West v. Maddox

69 So. 101, 193 Ala. 612, 1915 Ala. LEXIS 145
CourtSupreme Court of Alabama
DecidedJune 3, 1915
StatusPublished
Cited by4 cases

This text of 69 So. 101 (West v. Maddox) is published on Counsel Stack Legal Research, covering Supreme Court of Alabama primary law. Counsel Stack provides free access to over 12 million legal documents including statutes, case law, regulations, and constitutions.

Bluebook
West v. Maddox, 69 So. 101, 193 Ala. 612, 1915 Ala. LEXIS 145 (Ala. 1915).

Opinion

ANDERSON, O. J.

The appellant makes no point on this appeal that the cedar timber removed by the appellee Maddox was not covered by the contract of sale; that it was not merchantable timber as described in the timber contract of sale executed by the plaintff August 26th, 1910, so as to bring this case within the influence of Wright v. Bentley Co., 186 Ala. 616, 65 South. 353. The contention is that the contract of sale should be so construed as to reinvest the plaintiff with the title after the expiration of the time limit fixed in the contract within which the grantee should remove same. This question has been decided adversely to this contention in the case of Zimmerman Co. v. Daffin, 149 Ala. 380, 42 South. 858, 9 L. R. A. (N. S.) 663, 123 Am. St. Rep. 58, and which said case has been repeatedly cited and followed by this court. See Shepherd v. Mt. Vernon Co., 192 Ala. 322, 68 South. 880. It is true this case is opposed by the decisions of many of the courts, yet it is supported by a considerable number also, and we are not disposed to overrule same, as it is stare decisis. The Daffin Case, supra,, was decided and followed several years before the execution of this contract, and the [614]*614parties thereto presumptively entered into the same subject to the construction placed upon similar ones by the decisions of this court. As the plaintiff had no interest in or title to the cedar timber in question, the trial court did not err in giving the general charge as to said cedar timber for the defendants.

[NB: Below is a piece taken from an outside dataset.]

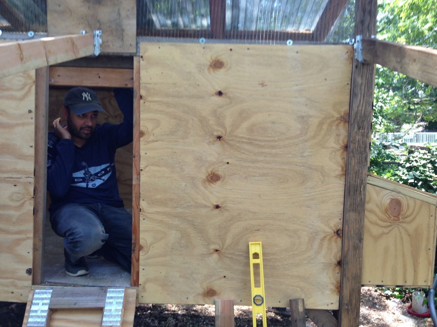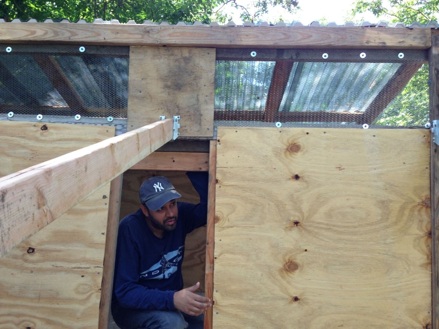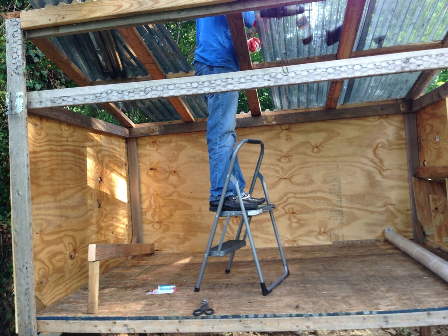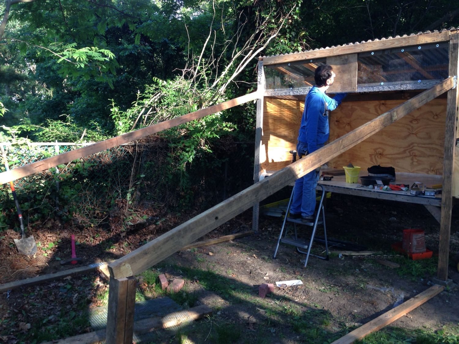 That is my uncle helping me with the roof design. In the back you see that we are using the existing wood from the old coop as we go along.

It is suggested that the Bennett Company waived its right to remove the timber after January 1, 1912, and that the effect of this was to reinvest the plaintiff with the ownership. This they could possibly have done; but the only evidence on the subject tends to establish a grant of their right to Maddox, and there is nothing to indicate that they surrendered or waived their right in favor of the plaintiff.

The judgment of the circuit court is affirmed.

Affirmed.

Mayfield, Somerville, and Thomas, JJ., concur.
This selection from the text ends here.